Why do I want to implement a red-black tree? being honest, I don’t have any preference rather than we had to implement one where I’m currently working, hence I could choose another data structure or even another type of tree, but that experience was the excuse to choose it.

That implementation was in javascript, concretely in NodeJS, basically because we needed to use in the environment where the component is running; moreover it was not a basic structure, it was targeting production, therefore it has to store and get the values from external sources; then it is difficult to follow easily the red-black tree algorithm and the focus of it is for the purpose to achieve; furthermore I didn’t almost do any part of the implementation, rather using it and implemented the stuff around, basically it means that I don’t discard to implement it in javascript in some point too, but I’m not very encouraged to do soon, as I regard to spend enough time with this programming language the most of the my days.

Why don’t I implement something useful for the humanity?

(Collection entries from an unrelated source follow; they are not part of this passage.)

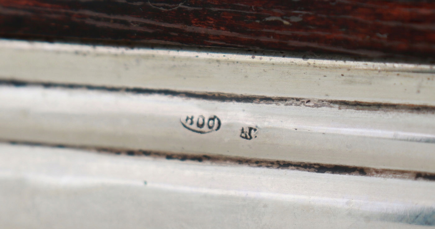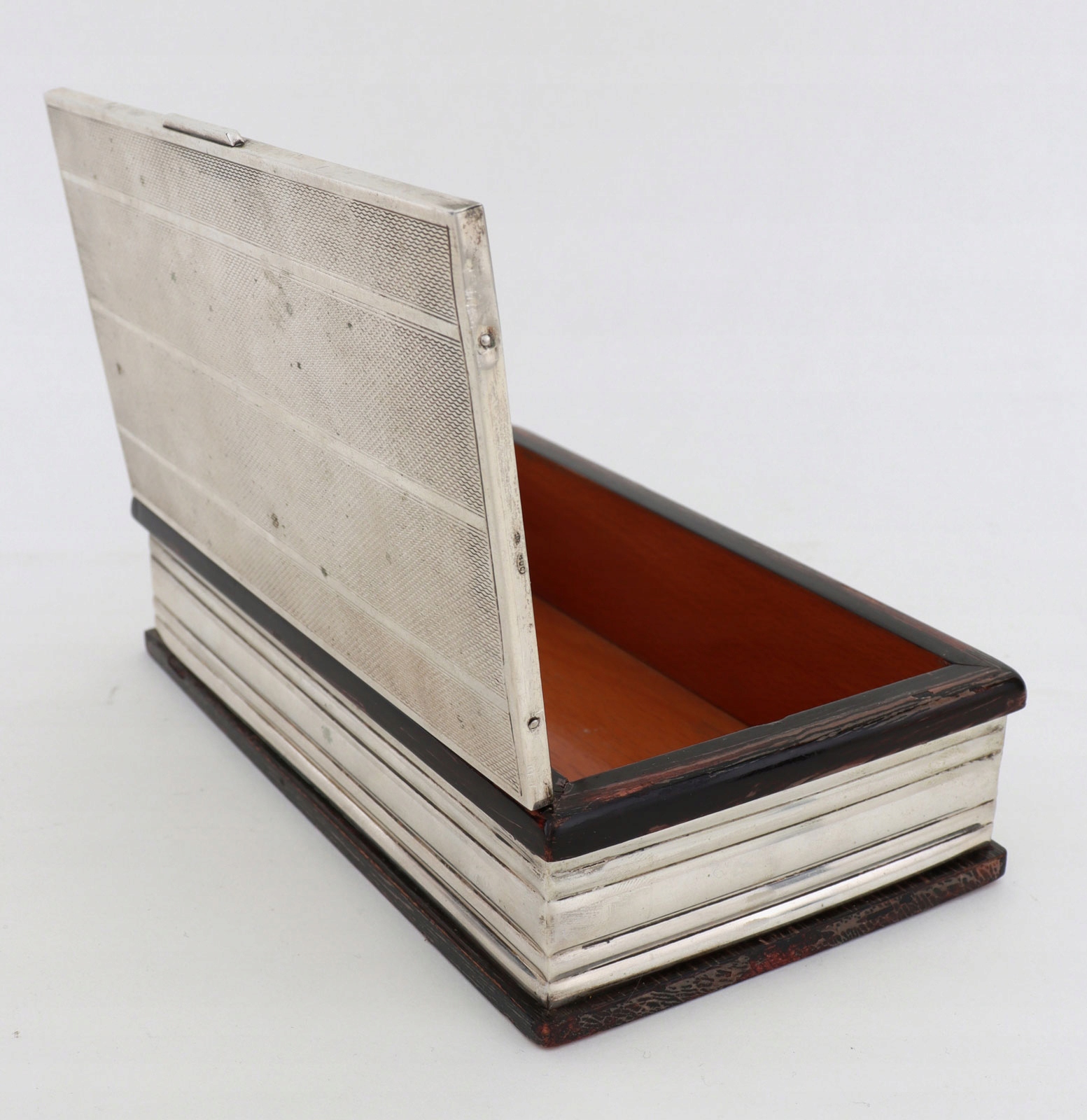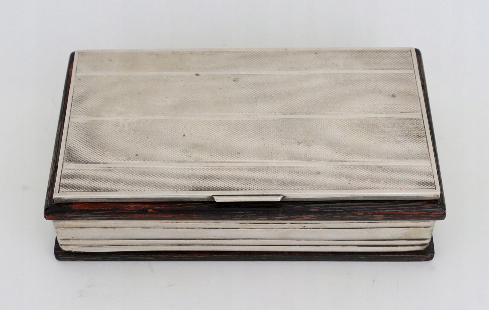 Хьюмидор для сигар, верх и бока из серебра 800 пробы. Серебряные элементы - верх гильошированный, бока загнутые. Центр облицован экзотическим деревом.
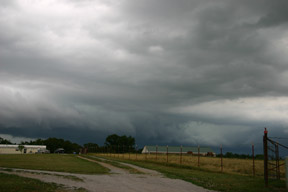 Here is a picture of the shelf cloud taken from a mile or two south of California, MO a little before 5:00 p.m. Around the time this picture was taken, the storm produced hail to 1.25" and a wind gust to 60 mph.
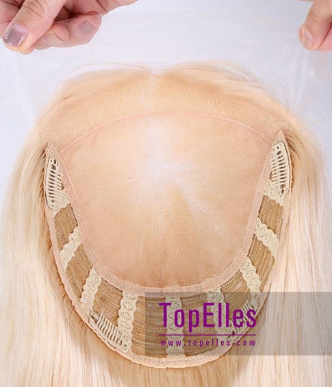 10'' Length 8x8'' Mono Top Weft Topper with Invisible Lace Front. Bleach Blonde Color
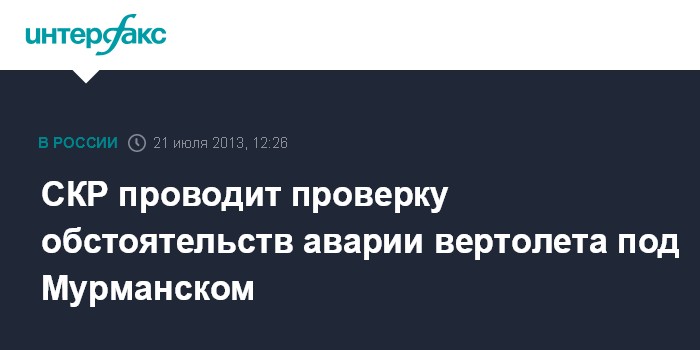 Москва. 21 июля. INTERFAX.RU - Следователи приступили к выяснению обстоятельств крушения вертолета в Мурманской области, при которой, по предварительным данным, погибли два человека, сообщили в пресс-службе СКР. "В настоящее время следователи Северо-Западного следственного управления СКР на транспорте выехали на место происшествия. Начата доследственная проверка", - сказали в пресс-службе в воскресенье "Интерфаксу".
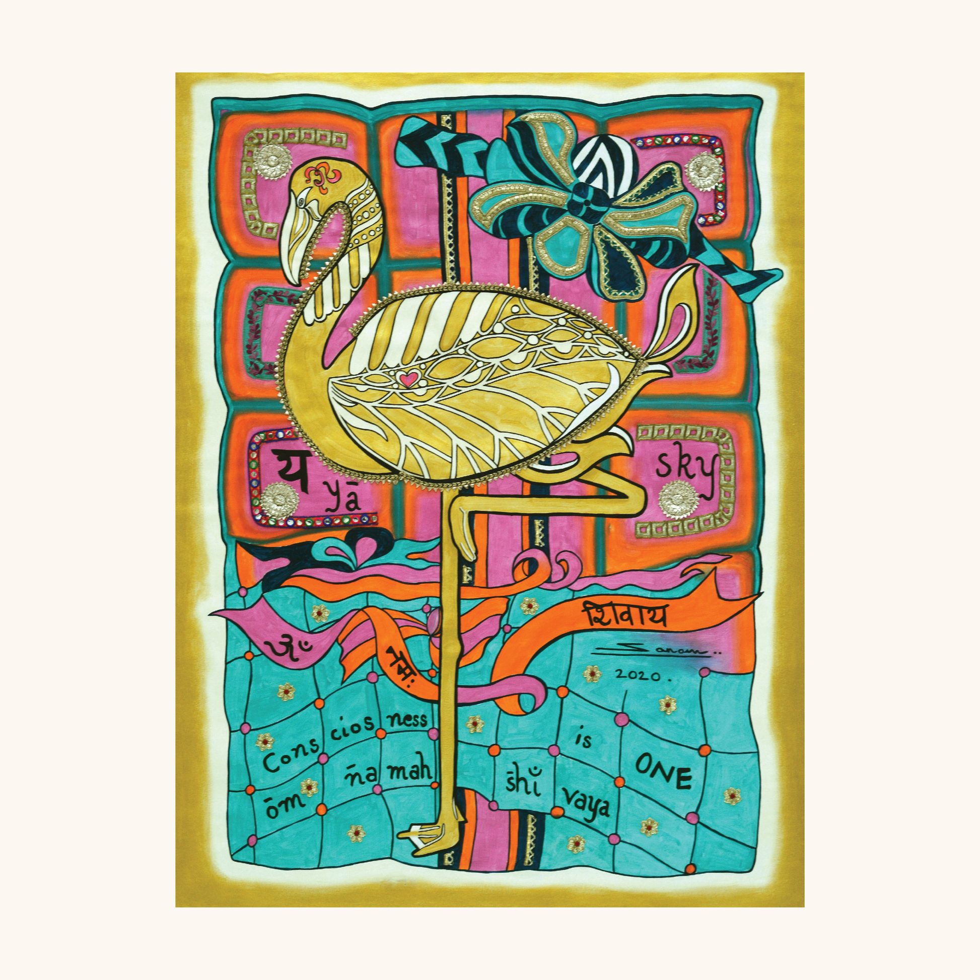 Mrs. Yin Stilts, carrying Ya, the sky (from Om Namah Shivaya), wears a ribbon- bow that doubles as a playful marker of consciousness, signalling her sentience. Her soft colours and cut- out geometry speak to the delicacy of nature and the quiet luxury of seeing animals as beings, not ornaments.
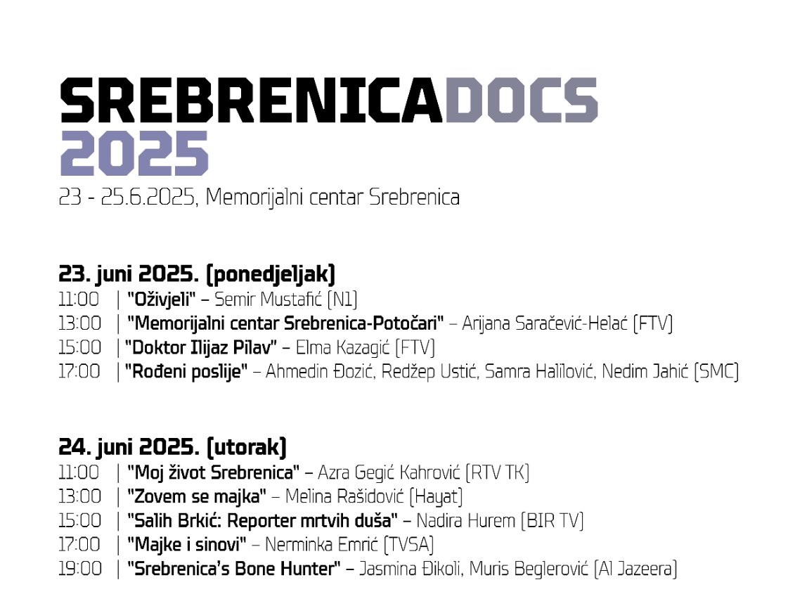 „Prvog dana (23.6.) u 11 sati gledamo film ‘Oživjeli’ Semira Mustafića, u 13 sati film o nastanku Memorijalnog centra Srebrenica-Potočari, zatim u 15 sati priču o doktoru Ilijazu Pilavu. U 17 sati biće premijerno prikazan film ‘Rođeni poslije’, ostvarenje mladog tima Memorijalnog centra, koje prenosi iskustva generacije rođene nakon genocida. Za drugi dan programa planirani su: ‘Moj život Srebrenica’ u 11 sati, ‘Zovem se majka’ u 13 sati, priča o Salihu Brkiću u 15 sati, zatim u 17 sati ‘Majke i sinovi’ produkcija TVSA, te u 19 sati ‘Srebrenica’s Bone Hunter’. Trećeg dana festivala, u srijedu 25. juna, publika će imati priliku pogledati filmove: ‘Srebrenica očima djeteta’ u 11 sati, ‘Preživio sam… Sadik’ u 13 sati, ‘Zasjeda’ u 15 sati, ‘Pravda & Правда’ u 17 sati, te ‘Ubijene svjetove’ u 19 sati. Ulazak na sve projekcije je besplatan“, izjavila je Mirela Osmanović iz Memorijalnog centra Srebrenica.
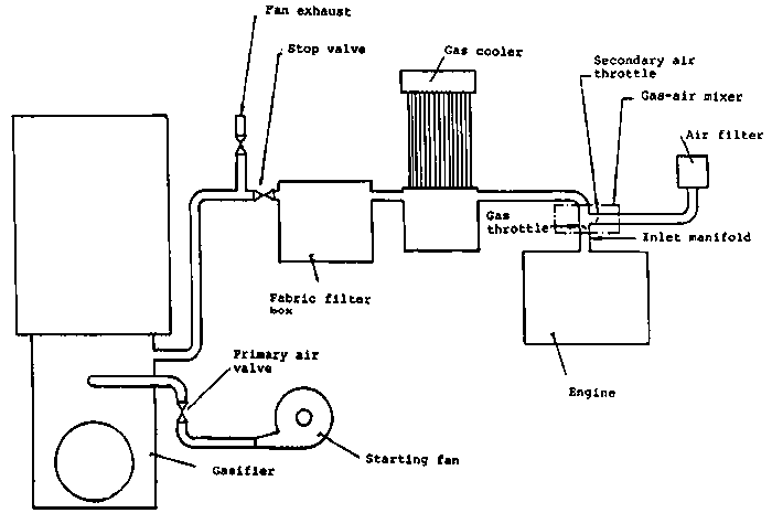 Figure 3.8 Schematic of the gasifier system used for a Massey Ferguson farm tractor
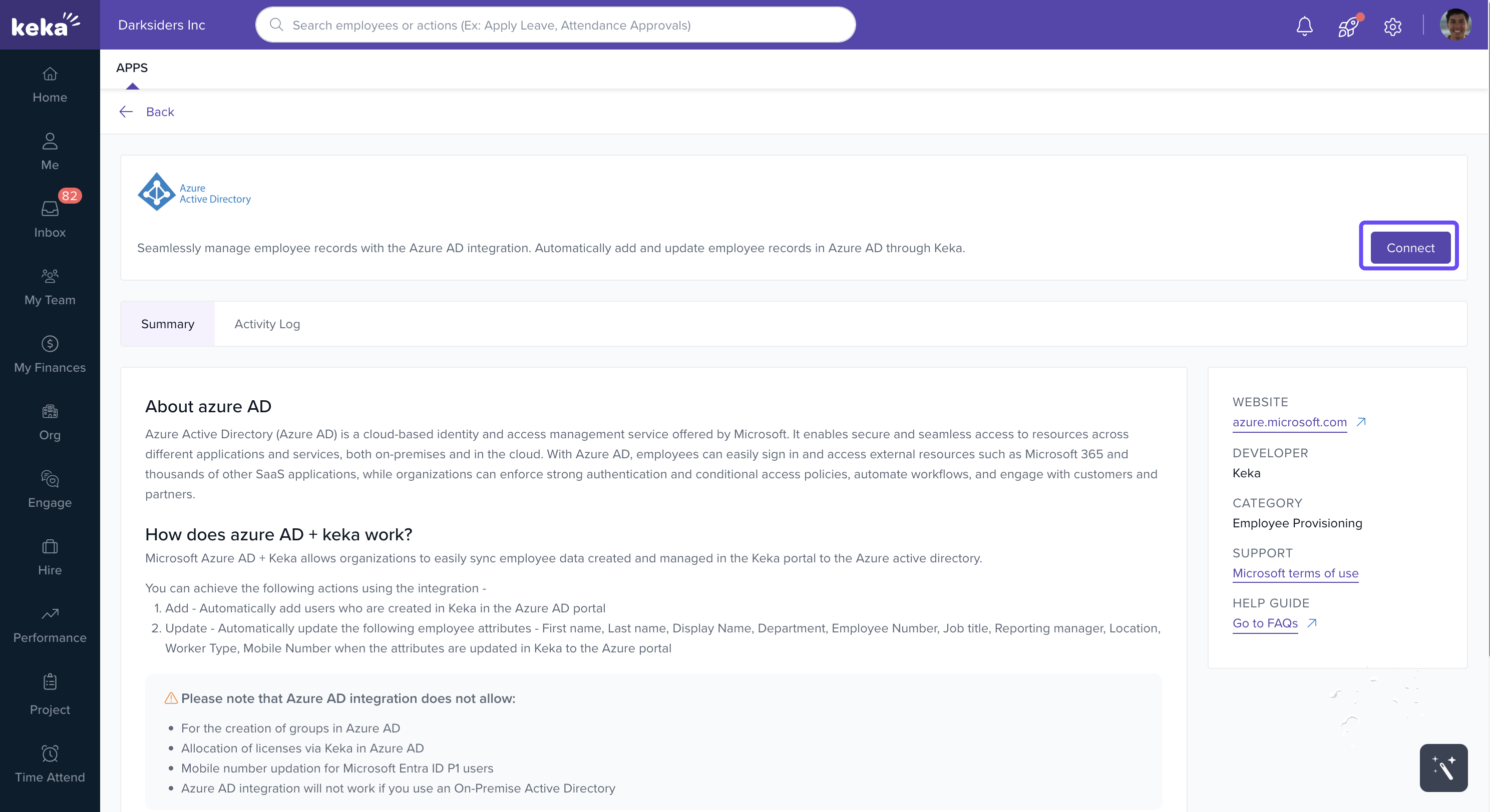 This guide walks you through the steps to set up Azure AD integration in Keka.
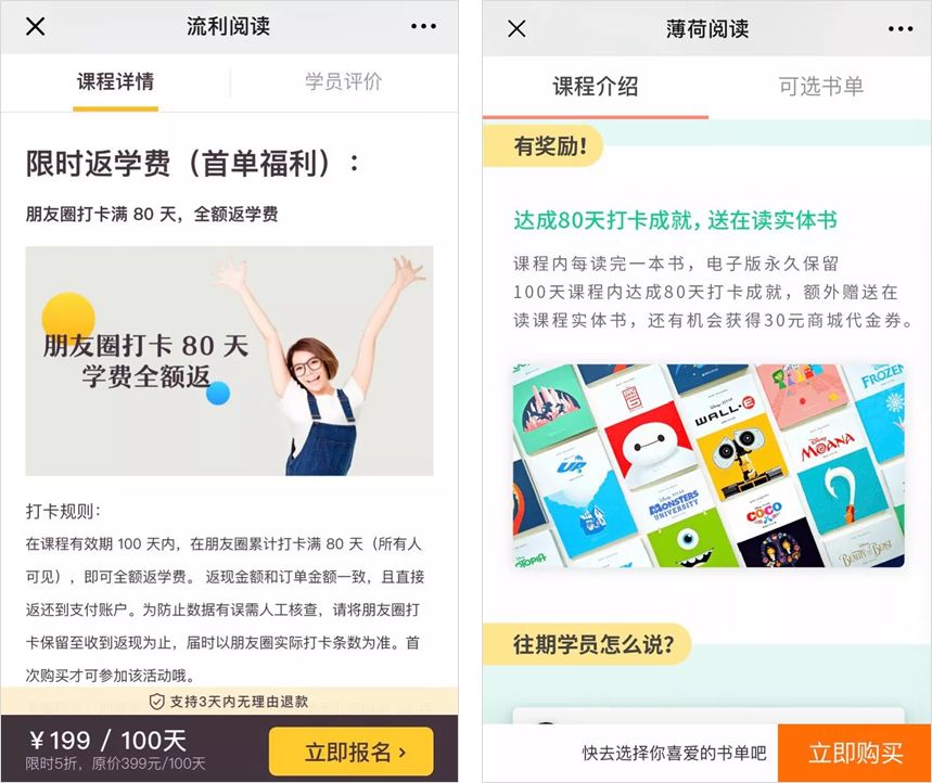 目前這類產(chǎn)品的利益誘導(dǎo)主要有兩種模式,一種是以流利閱讀為代表的“堅持打卡返學(xué)費”模式,一種是以薄荷閱讀為代表的“堅持打卡送優(yōu)惠券”模式。
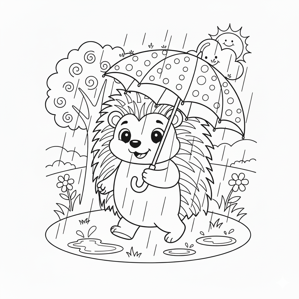 Раскраска «Ёжик под зонтиком в дождик» — весёлая и уютная сказка для маленьких художников 🌧️🦔☔
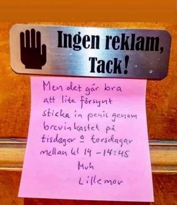 HasseTeknik skrev: [bild] ( stulet från FB ) Sitter frugan och änger över axeln så du var tvungen att säkerställa att hon inte trodde det var allvarligt menat? 😉
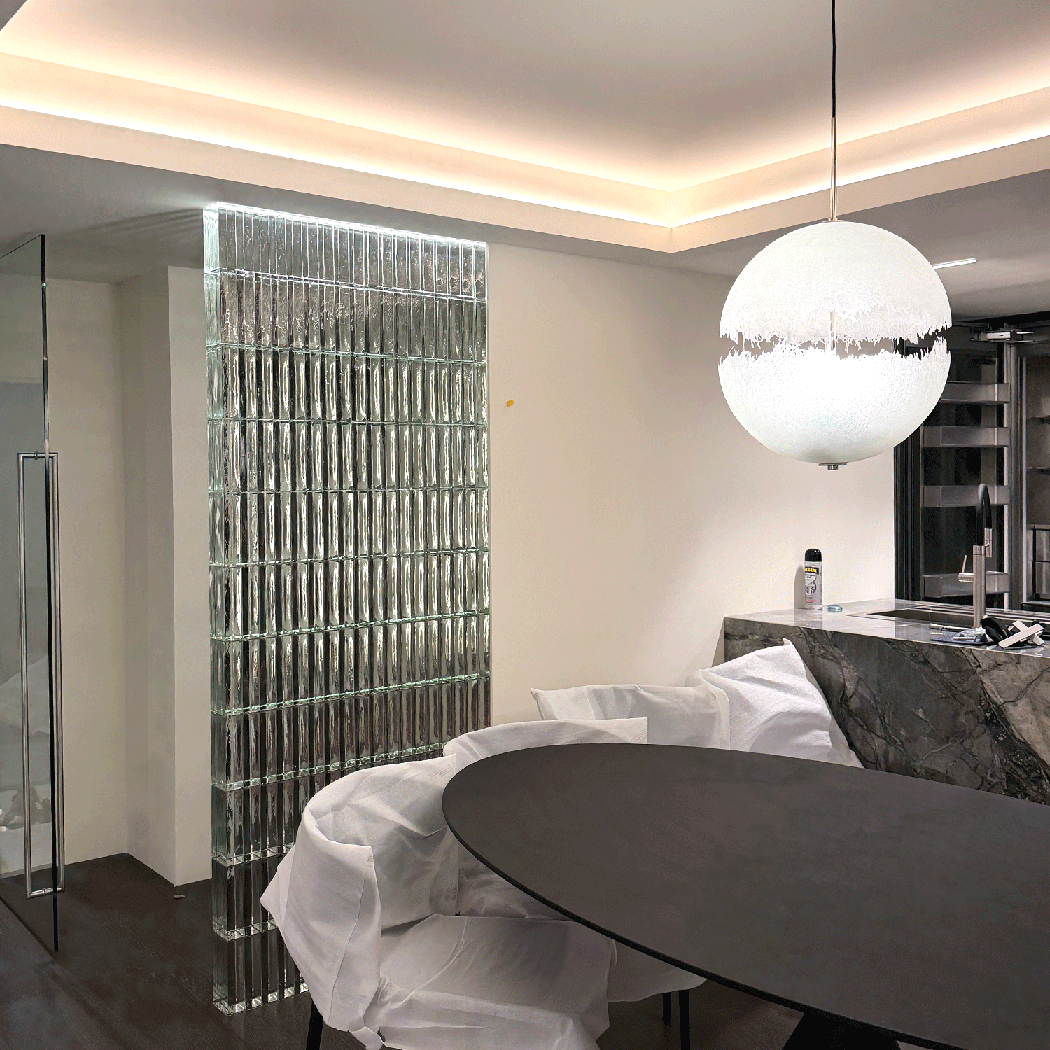 현대아파트 인테리어 시공 이번 시공 현장은 절제된 모던함을 추구하는 인테리어 컨셉에 맞춰 진행되었습니다. 특히 유리벽돌을 활용한 수직 파티션이 공간의 중심을 잡아주는 핵심 디자인 포인트로 활용되었습니다. 주방과 다이닝 공간을 나누는 대형 유리벽돌 벽체는 이번 현장의 하이라이트입니다. 통유리가 주는 차가운 느낌 대신, 벽돌 한 장 한 장이 쌓여 만들어내는 입체적인 텍스처와 줄눈의 리듬감이 공간에 깊이감을 더해줍니다. https://blog.naver.com/seochangbrick/224202823497

First of all I should find something useful for the humanity that has not been implemented or has been but it can be, at least, improved in the most of the languages that now, I bear in mind to use.
Secondly if I find it, I wouldn’t probably have the time to do the implementation for all of those, then I’ve simplified the problem to choose something quite small and academic (the most of the professional jobs never require to implement any tree or another data structure), however I don’t want to implement a “hello world!” so it’d be to copy and paste the examples of any language.
Thirdly, I don’t want to implement a HTTP service, they are almost the same, they rely in using a library which does everything and you only have to write the route and it’s response based in the received request, moreover nowadays there may have enough on every language, hence it wasn’t going to provide anything useful for the humanity, anyway. I want to use some of the language properties, types, “structures” and so on, than one of its libraries or packages.

Then it won’t provide anything useful for the humanity.

are those implementations going to be for production/optimised? I don’t think so, this is a spare time toy, it means, I spend my free time doing this and also all other obligations, responsibilities, geek activities and human beings needs, then if the amount of time is already quite limited to implement those in basic and non-optimised way, and the probability to end with some of the languages implementations isn’t quite high, then I don’t think that I could achieve to do them in a well tested optimised way, that a production environment may need.

then, what may the implementations be? they’ll be the basic implementation of ta tree which contains nodes of integer key and values; continue reading to know a little bit more about this.

What I’ve got so far

Not that much. I’ve taken a look to the basic algorithm which drove me a c implementation and Java one which I haven’t taken a look so far.

I’ve decided to take the c one; sorry but I’ve fallen in love of the minimalist, nonetheless it doesn’t mean that I never skip it, if its opposite make sense because it simplify the solution and save time; nonetheless this is my spare time toy and I’ve preferred to take the c one and have some good remembers; obviously in the time being, I don’t think to do the c implementation, basically it will be the base.

Then I’ve downloaded it, I’ve created a basic makefile, and I compiled it and ran its test.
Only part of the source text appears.